GOAL OF THE EXERCISE: After locating the line with "Coppia di posacenere" below, output it and each following line exactly, stopping after the line with "豪華!美品!ウエディングドレス オフホワイト マーメイドライン". No pictures.

PROVIDED ENTRIES:
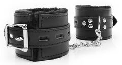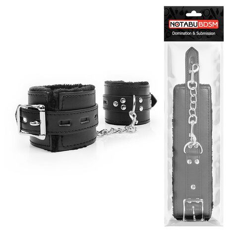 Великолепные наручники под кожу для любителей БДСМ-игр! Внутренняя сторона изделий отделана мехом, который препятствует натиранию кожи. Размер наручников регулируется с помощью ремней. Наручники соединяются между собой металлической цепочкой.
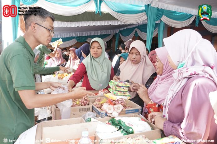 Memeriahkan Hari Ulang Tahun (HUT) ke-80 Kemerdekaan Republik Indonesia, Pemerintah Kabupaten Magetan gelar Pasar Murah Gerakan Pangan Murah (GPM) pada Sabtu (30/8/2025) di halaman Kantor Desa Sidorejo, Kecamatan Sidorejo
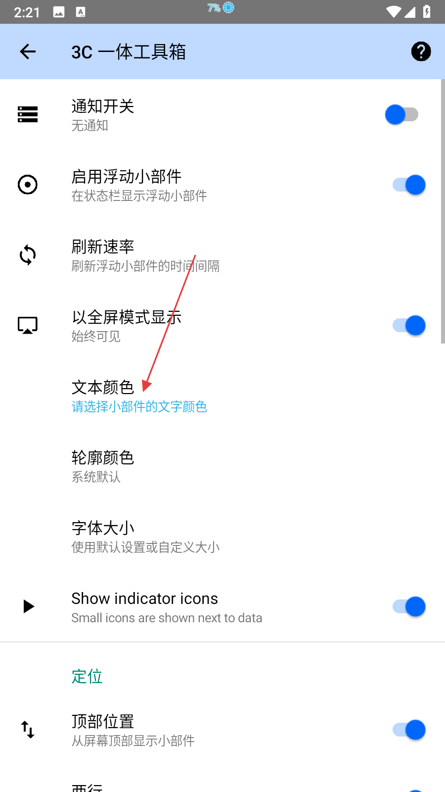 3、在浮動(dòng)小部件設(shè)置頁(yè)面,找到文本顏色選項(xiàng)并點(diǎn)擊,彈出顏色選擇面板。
--
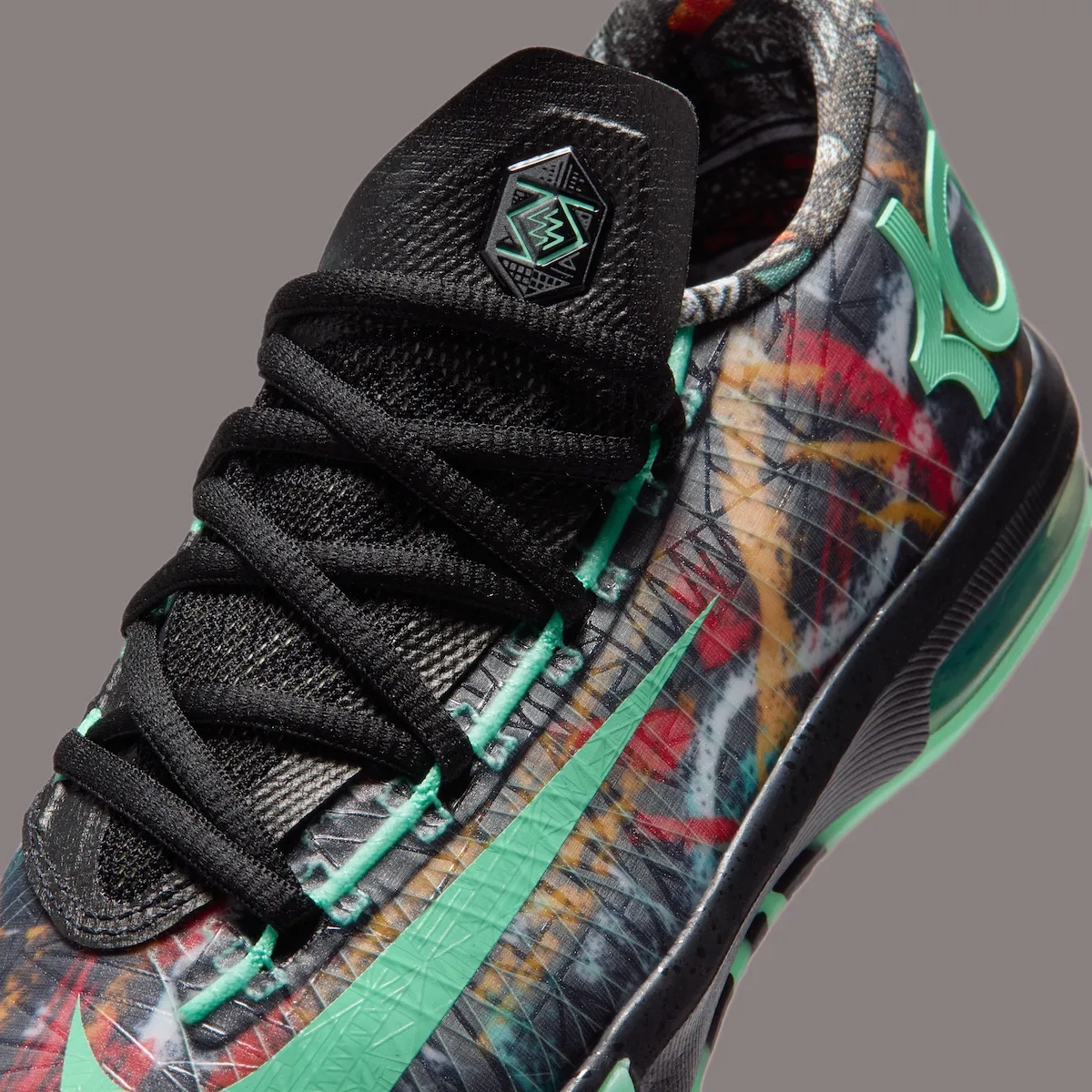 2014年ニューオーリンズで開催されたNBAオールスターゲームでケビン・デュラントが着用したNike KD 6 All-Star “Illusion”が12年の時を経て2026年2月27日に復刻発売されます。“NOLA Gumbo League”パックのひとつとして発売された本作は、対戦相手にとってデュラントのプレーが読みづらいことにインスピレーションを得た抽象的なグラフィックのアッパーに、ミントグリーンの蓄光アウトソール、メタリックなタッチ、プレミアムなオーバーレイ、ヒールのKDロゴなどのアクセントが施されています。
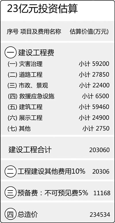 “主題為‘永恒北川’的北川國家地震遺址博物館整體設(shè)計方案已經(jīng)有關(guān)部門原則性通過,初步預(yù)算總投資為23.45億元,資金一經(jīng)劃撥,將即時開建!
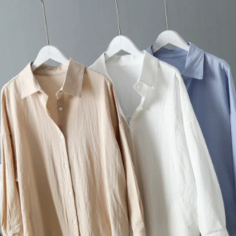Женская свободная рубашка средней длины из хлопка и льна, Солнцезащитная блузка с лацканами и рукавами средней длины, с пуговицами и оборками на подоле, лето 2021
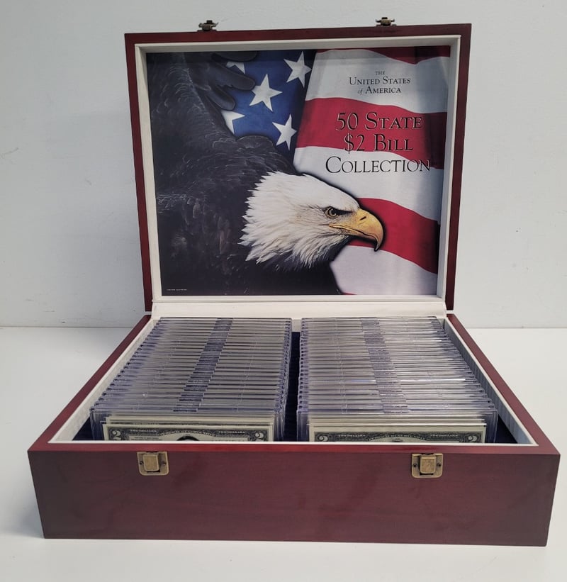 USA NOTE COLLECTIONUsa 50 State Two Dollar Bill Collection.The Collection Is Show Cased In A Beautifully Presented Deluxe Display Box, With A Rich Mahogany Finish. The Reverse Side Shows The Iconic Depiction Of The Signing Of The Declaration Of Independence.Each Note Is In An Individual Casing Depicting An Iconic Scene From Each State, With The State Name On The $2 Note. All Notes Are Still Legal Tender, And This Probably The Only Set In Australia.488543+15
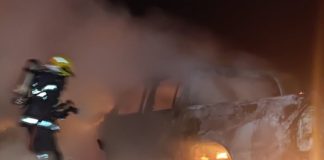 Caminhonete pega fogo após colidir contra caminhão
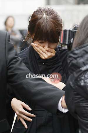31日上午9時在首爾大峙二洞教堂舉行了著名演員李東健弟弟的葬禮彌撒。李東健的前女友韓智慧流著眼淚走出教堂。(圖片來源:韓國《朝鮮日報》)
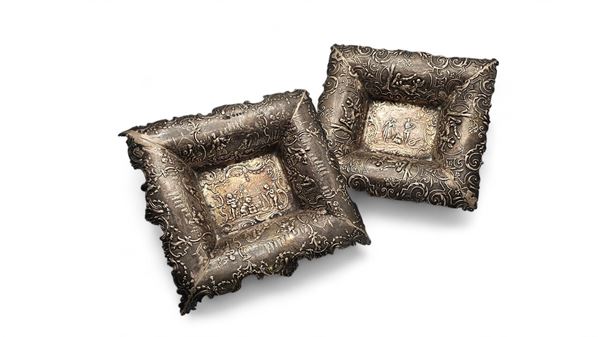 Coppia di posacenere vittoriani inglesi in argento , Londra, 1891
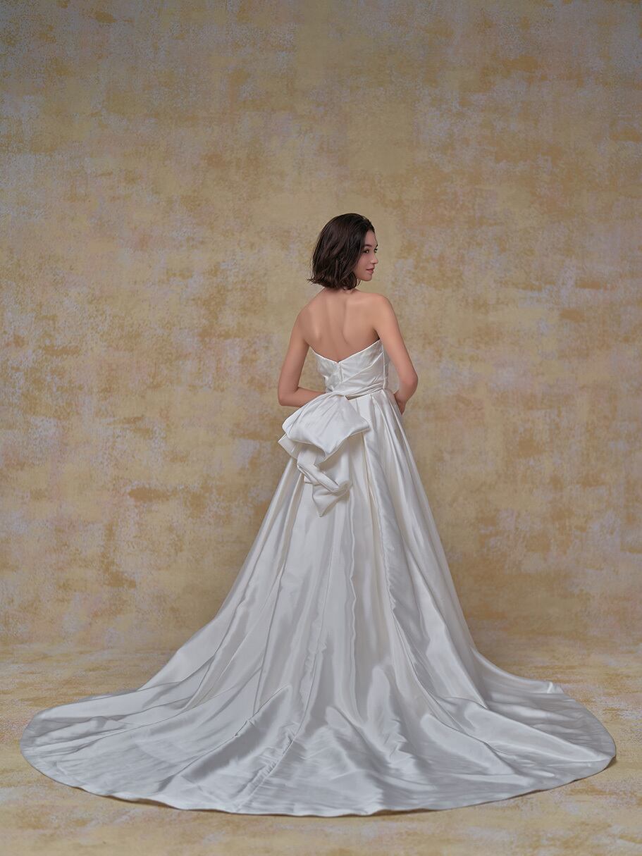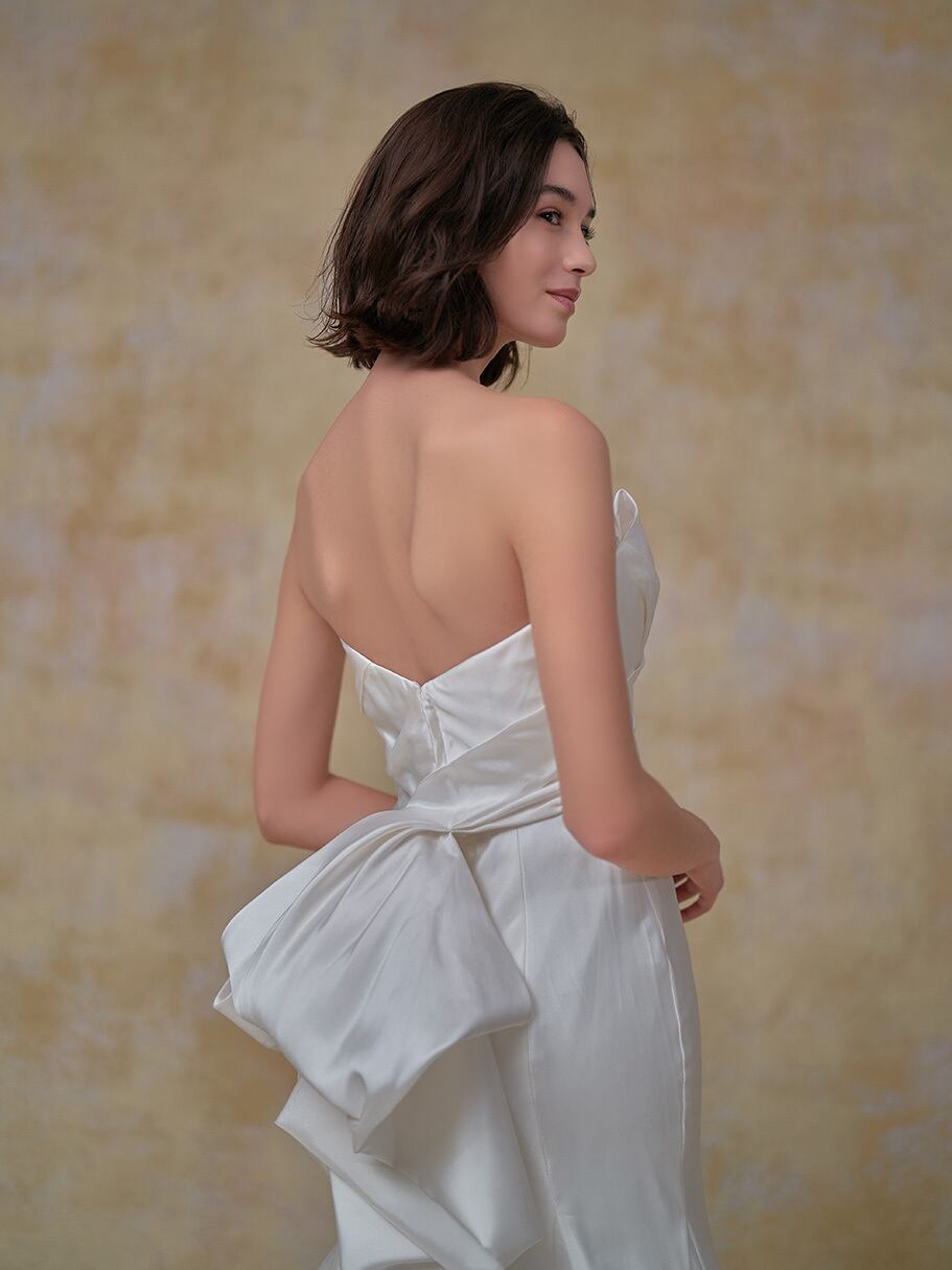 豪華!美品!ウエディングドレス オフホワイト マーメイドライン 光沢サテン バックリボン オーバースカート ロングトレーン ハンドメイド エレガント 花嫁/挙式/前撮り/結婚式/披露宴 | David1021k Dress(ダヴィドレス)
...
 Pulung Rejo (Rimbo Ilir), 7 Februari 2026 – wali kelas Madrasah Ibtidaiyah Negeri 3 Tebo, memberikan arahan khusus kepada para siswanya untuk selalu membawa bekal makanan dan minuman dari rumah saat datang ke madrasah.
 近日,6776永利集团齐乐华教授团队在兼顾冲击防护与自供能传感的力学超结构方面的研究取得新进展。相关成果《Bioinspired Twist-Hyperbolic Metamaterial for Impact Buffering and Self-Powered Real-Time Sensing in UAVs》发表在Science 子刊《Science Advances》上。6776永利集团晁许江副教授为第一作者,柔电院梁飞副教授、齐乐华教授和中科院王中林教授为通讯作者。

EXERCISE RESPONSE:
 Coppia di posacenere vittoriani inglesi in argento , Londra, 1891
 豪華!美品!ウエディングドレス オフホワイト マーメイドライン 光沢サテン バックリボン オーバースカート ロングトレーン ハンドメイド エレガント 花嫁/挙式/前撮り/結婚式/披露宴 | David1021k Dress(ダヴィドレス)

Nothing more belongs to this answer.